JuliaLang / Distributed.jl

Create and control multiple Julia processes remotely for distributed computing. Ships as a Julia stdlib.
https://docs.julialang.org/en/v1/stdlib/Distributed/
MIT License
23 stars 9 forks source link

`pmap` still parallelizing after `rmprocs`? #72

Closed pazner closed 5 months ago

pazner commented 3 years ago

The first call to pmap after using rmprocs to remove all the workers still behaves as if it is running in parallel. The second call behaves normally:

julia> using Distributed

julia> addprocs(5);

julia> @time @sync pmap(i -> sleep(1), 1:10);
  2.711441 seconds (251.94 k allocations: 13.460 MiB)

julia> wait(rmprocs(workers()...))

julia> @time @sync pmap(i -> sleep(1), 1:10);
  2.111553 seconds (192.76 k allocations: 9.978 MiB)

julia> @time @sync pmap(i -> sleep(1), 1:10);
 10.135405 seconds (126.43 k allocations: 6.459 MiB, 0.12% gc time)

Version info:

Julia Version 1.5.0
Commit 96786e22cc (2020-08-01 23:44 UTC)
Platform Info:
  OS: macOS (x86_64-apple-darwin18.7.0)
  CPU: Intel(R) Core(TM) i7-4980HQ CPU @ 2.80GHz
  WORD_SIZE: 64
  LIBM: libopenlibm
  LLVM: libLLVM-9.0.1 (ORCJIT, haswell)
felixcremer commented 1 year ago

I think, that this is due to default_worker_poolnot being emptied from the rmprocs call. If we do a take! after the rmprocs, the default_worker_pool is empty and the pmap call runs sequentially as expected. Unfortunately I don't know what is happening in this call of take!.

julia> addprocs(5);

julia> @time @sync pmap(i -> sleep(1), 1:10);
  3.307411 seconds (115.06 k allocations: 5.953 MiB, 4.43% compilation time)

julia> default_worker_pool()
WorkerPool(Channel{Int64}(9223372036854775807), Set([35, 32, 36, 33, 34]), RemoteChannel{Channel{Any}}(1, 1, 28))

julia> wait(rmprocs(workers()...))

julia> default_worker_pool()
WorkerPool(Channel{Int64}(9223372036854775807), Set([35, 32, 36, 33, 34]), RemoteChannel{Channel{Any}}(1, 1, 28))

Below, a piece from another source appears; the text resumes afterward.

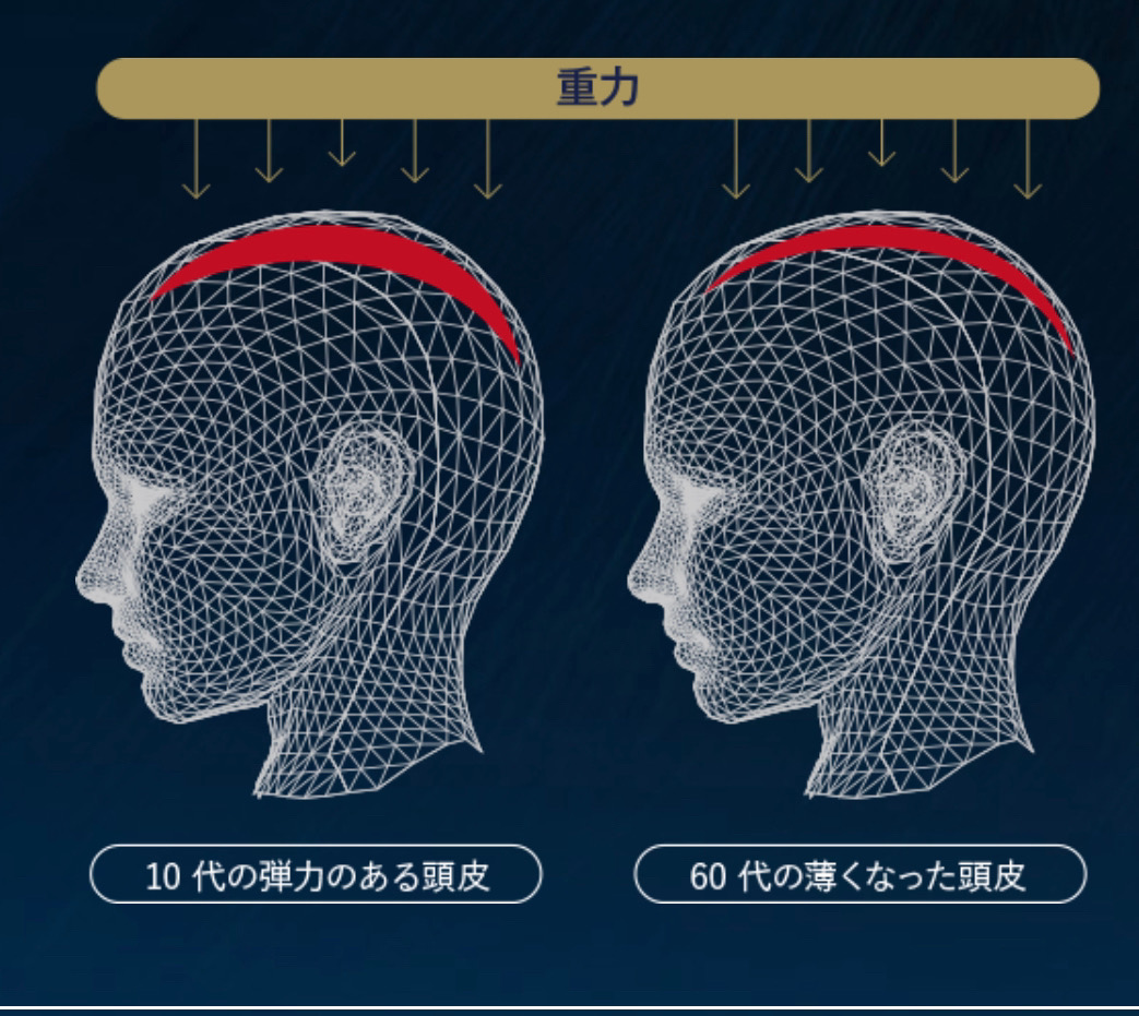 頭皮は年齢により薄く痩せていき、重力に逆らえず下がって、凝り固まってしまうのです。

julia> take!(default_worker_pool())
1

julia> default_worker_pool()
WorkerPool(Channel{Int64}(9223372036854775807), Set{Int64}(), RemoteChannel{Channel{Any}}(1, 1, 28))

julia> @time @sync pmap(i -> sleep(1), 1:10);
 10.144675 seconds (72.51 k allocations: 3.716 MiB, 1.19% compilation time)
vtjnash commented 5 months ago

seems working now as expected

julia> @time @sync pmap(i -> sleep(1), 1:10);
  4.854871 seconds (2.19 M allocations: 110.307 MiB, 0.41% gc time, 26.33% compilation time)

julia> wait(rmprocs(workers()...))

julia> @time @sync pmap(i -> sleep(1), 1:10);
 10.106080 seconds (81.12 k allocations: 4.103 MiB, 0.83% compilation time)

julia> @time @sync pmap(i -> sleep(1), 1:10);
 10.106958 seconds (81.12 k allocations: 4.095 MiB, 0.83% compilation time)

even though default_worker_pool() still has out-of-date info before take!